Hierax: Star Guardians, Book 4

Page 19

by Ruby Lionsdrake


  “Not at all, but they came up on the console that you pointed to a few days ago and said was the interface for engineering.”

  “I may have to come up there.”

  “To show me your goofy hat?”

  Indi blushed, realizing the comm must have been open still, and that Asan had heard her joking about libidos and cold showers. She hoped he hadn’t heard any kissing sounds earlier, especially when she remembered Hierax moaning as she rubbed his chest. At the time, she’d found it flattering. But she’d also thought they had some privacy.

  “Indi?” Hierax waved her over, closing the comm channel. Firmly. “I’m going to give you the hat and show you a few things.”

  “Of course.” Nerves danced in her stomach at the idea of being involved in something crucial when she had no idea how to read Zi’i or what anything here was, but she tried not to look daunted. “I’ve been waiting for days for you to let me hold one of your tools.”
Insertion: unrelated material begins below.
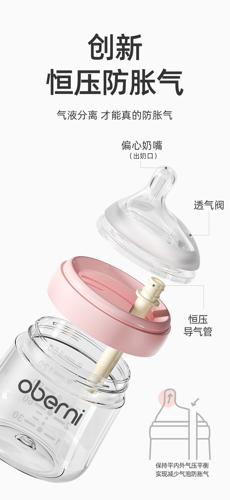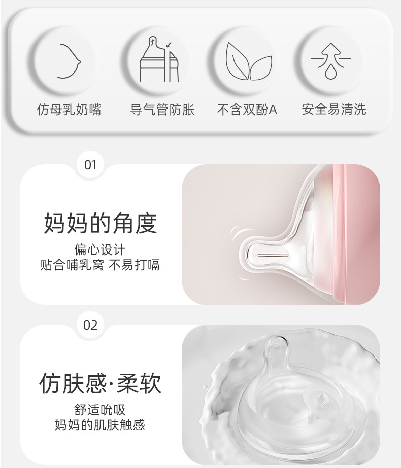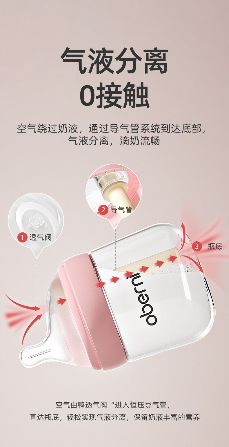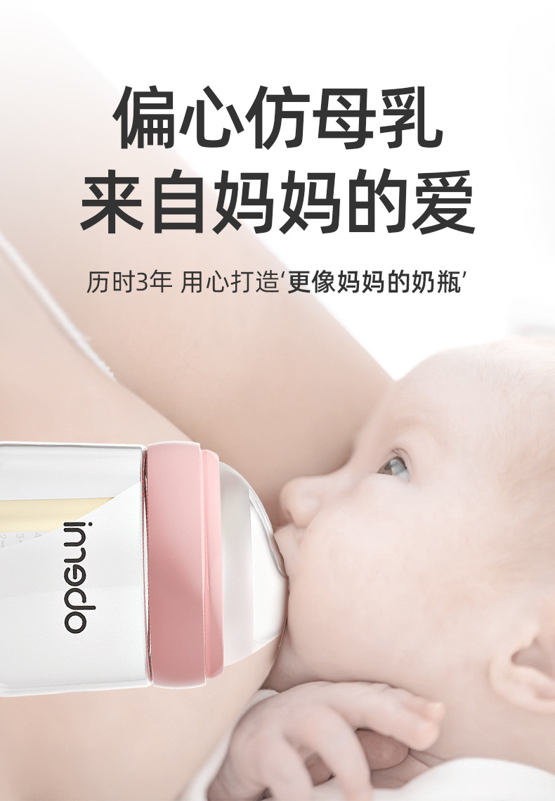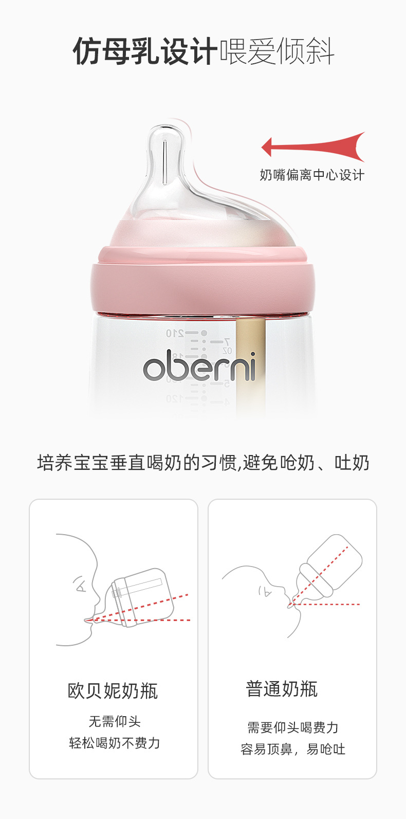 欧贝妮210ml偏心奶嘴新生儿玻璃奶瓶防胀气防吐奶防呛婴儿奶瓶

  “Was this one of the ones you imagined?” He lifted the mixing-bowl-hat and placed it on her head.

  “Not exactly.”

  He combed his fingers through her braids, parting a few so that a couple of prongs reached through and touched her scalp. “These are neat.”
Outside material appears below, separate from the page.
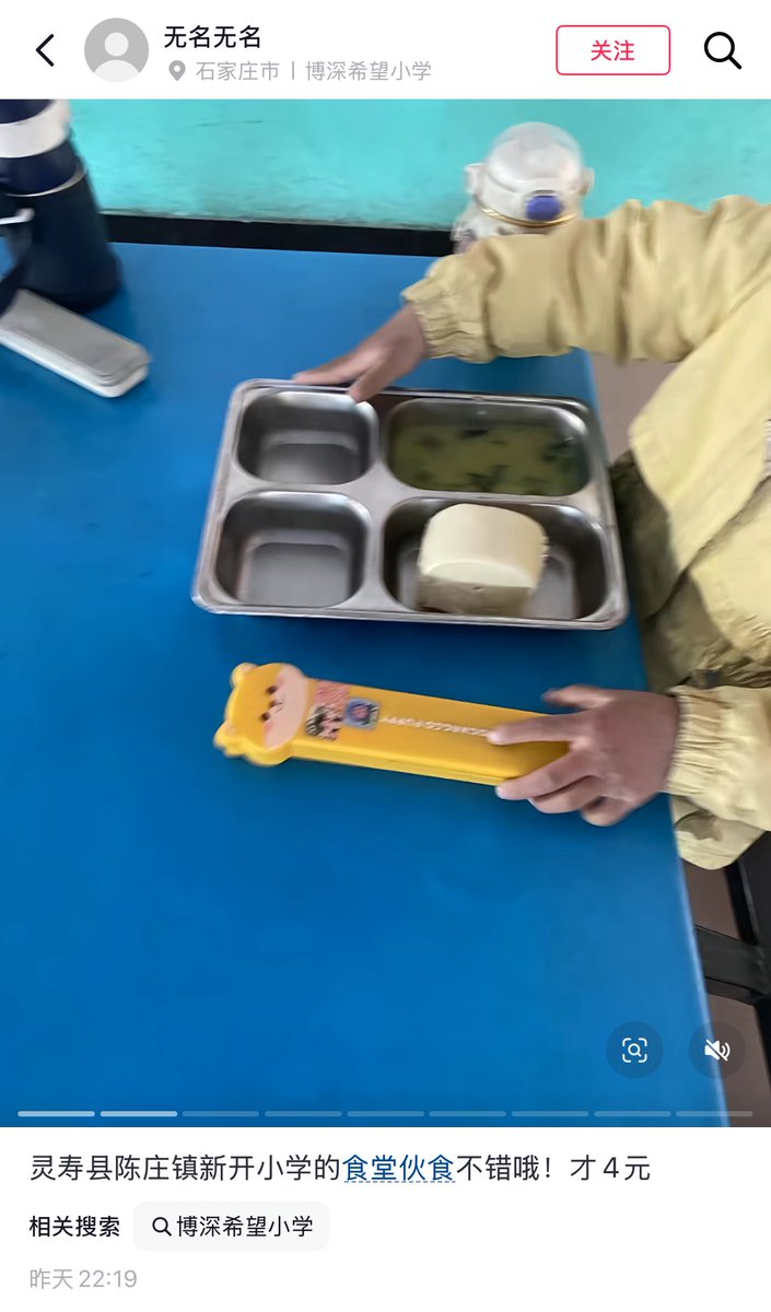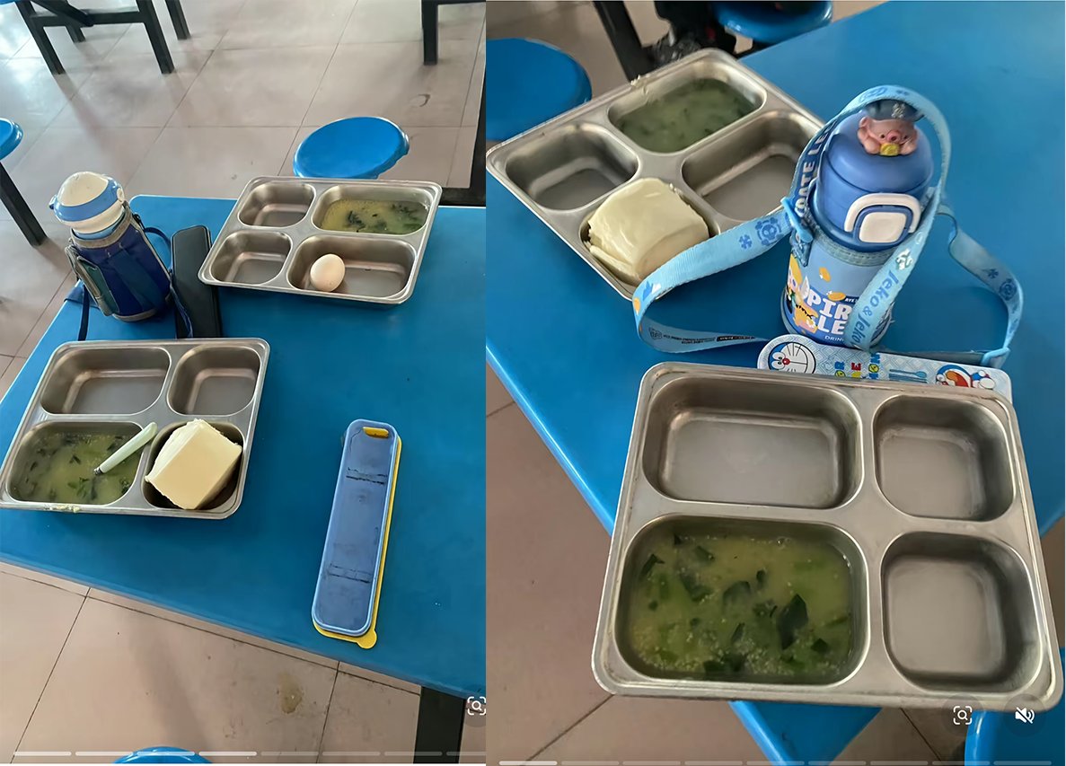 3月2日,河北石家庄。一位母亲曝光了灵寿县博深希望小学的4元早餐。图片显示,孩子的餐盘里仅有一点白菜汤和一个馒头。

  “The prongs stabbing me in the head?” she asked.

  “No, your hair. The braids.”

  “Oh.” She wondered what he would think if she confessed that she had short hair and those were extensions that had been braided in. “Thanks. I was hoping for sexy, but neat will do.”

  He grinned. “The sexy parts are lower.”
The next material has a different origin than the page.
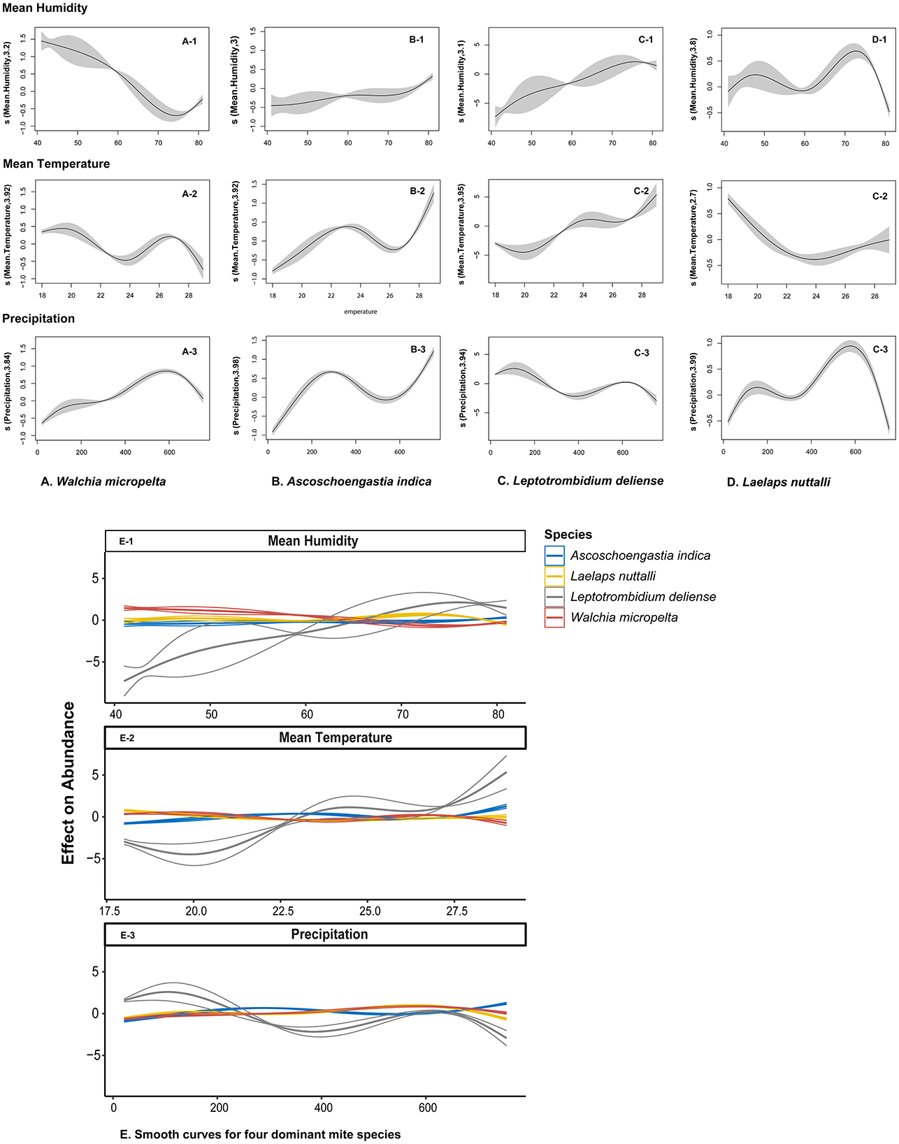 Figure 10. Non-linear effect of climate factors on mite abundance of four dominant mite species at Jingha survey site in southern Yunnan of southwest China (April 2016–March 2017). The curves were fitted with generalized additive models (GAMs), in which the shaded area represents 95% confidence intervals.

  He outlined an hourglass shape with his hands, and she laughed, even if it was silly. He was silly. But maybe that was all right. She’d done serious before, and it hadn’t ended well. Someone who could make her laugh when a spaceship was rattling itself to pieces all around her wasn’t bad to have.

  “Given a chance,” she said, “I think I can make you come to appreciate the allure of my hair touching you.”

  “I’m open to experimentation.” He stuck a finger under the hat and flicked something.

  Indi twitched in surprise as it came on. Something like a video game display appeared before her eyes. Almost in her eyes. It didn’t seem like a holographic display; it seemed like she was inside of a virtual reality. She could still see Hierax and the outline of the engines, but they had faded to a shadowy gray. The game or whatever it was displayed much more brightly, a big clear tank with water in it and corks sticking in holes on the sides. A couple of corks looked loose, like they might fall free, allowing water to spill out.

  “You see the engines?” Hierax asked.

  “The engines? I see a water tank.”

  “Good. That’s—hm, this is too complicated to explain quickly, but it’s something I made during the war, when I often had to interface with Zi’i tech, even though I couldn’t read their language or understand any of their computer languages. With some AI translation help, I made this. It’s an interface that allows us to interact with Zi’i tech, with the computer doing all the understanding and then translating things into a very simplified version that we can understand. There are corks, right?”

  “Yes.”

  “You have to keep the corks in the tank and the water from falling below the red line. In reality, you’re making adjustments to keep the engines from red-lining, but the computer—” Hierax rapped a knuckle against the metal hat, “—is doing the hard work, and you’re just playing a game.”

  “A game where the ship will blow up if I’m not fast enough at plugging up holes?”

  “The engines will probably just go offline if the water goes below the red line.”

  “Oh, so we don’t blow up. We crash.”

  Hierax spread a hand, palm up.

  “If your computer is so smart, why can’t it just keep the holes plugged on its own? Why does it need someone helping?” Indi was skeptical about the hat and the gamification of a computer interface, even if it seemed like the kind of thing her own people would do.

  “It should keep them plugged. You’re just backup. While I work on—”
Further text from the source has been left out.